074 ALK-positive desmoplastic Spitz naevus in a patient with corresponding ALK-positive anaplastic large cell lymphoma

Abstract

Aim:Spitz naevus is a benign melanocytic tumour with distinct histopathological features of spindle-shaped melanocytes. An understanding of genetic aberrations can help to characterise the different subsets of Spitzoid neoplasms. Anaplastic lymphoma kinase (ALK) is a tyrosine kinase receptor that was first described in the pathogenesis of anaplastic large cell lymphoma (ALCL).

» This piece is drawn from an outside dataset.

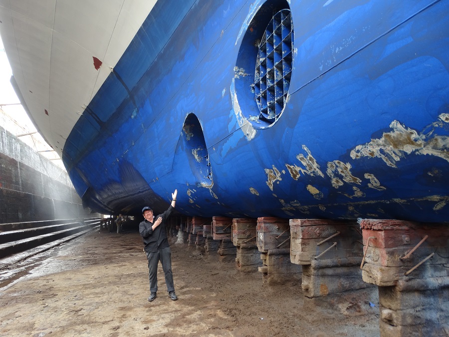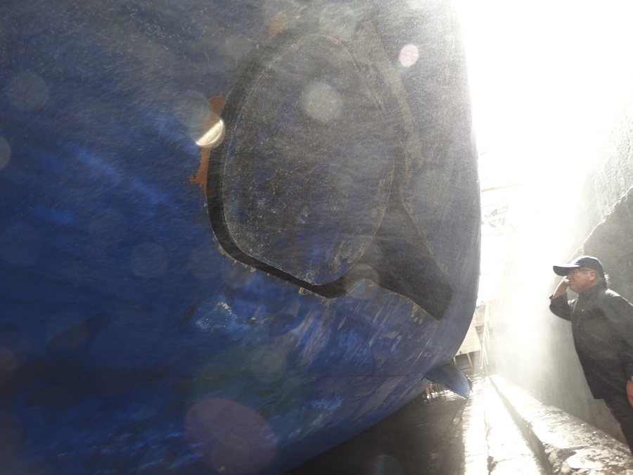 Είναι μια "κατάδυση" στα ύφαλα του πλοίου κατά την διάρκεια που γινόταν ο καθαρισμός τους και μετά θα ακολουθούσε το βάψιμο ώστε να αντέξει στον χρόνο και στην θάλασσα. Την "κατάδυση" την πρότεινε ο Γιώργος Στεφάνου και την αποδεχτήκαμε με ευχαρίστηση μιας και δεν έχεις πάντα την ευκαιρία να δεις τα ύφαλα του πλοίου που θα ταξιδεύεις μαζι του σε λίγες μέρες. Κατεβήκαμε τις σκάλες της παλιάς πέτρινης δεξαμενής και κάναμε μια μεγάλη βόλτα για εμάς, αλλά και για εσάς που μας διαβάζετε και βλέπετε τις φωτογραφίες αυτές σήμερα παρέα μας.

ALK mutations have been reported in up to 10% of Spitz tumours.This study describes the rare occurrence of an ALK mutation in two different diseases in the same patient – ALCL and Spitz naevus. Method:Presentation, management, and clinical outcomes were retrospectively reviewed for a patient with ALK-positive ALCL and ALK-positive Spitz naevus at a tertiary paediatric hospital. Result:The patient was a 14-year-old female with a 12-month history of a red-brown plaque on the right shoulder.This was on a background stage III ALCL treated with chemotherapy and stem cell transplantation. She underwent surgical excision of the skin lesion. Histopathological examination showed an ALK-positive desmoplastic Spitz naevus. A bone marrow aspirate and trephine (BMAT) of the right axillary lymph node at the time of ALCL diagnosis also revealed an ALK mutation. She is currently in remission 2 years post stem cell transplantation. Conclusion:Our case reports on a rare coincidence of a patient having the same mutation for two distinct disease processes. There has been one similarly reported case in the literature in a patient with ALK-positive cutaneous ALCL and Spitz naevi with the same fusion partner gene (TPM3). Whilst this occurrence is not fully understood, further studies may identify whether this is an independent coincidence in two different cell lineages, or a fragile site similarity which may predispose to the same translocation event.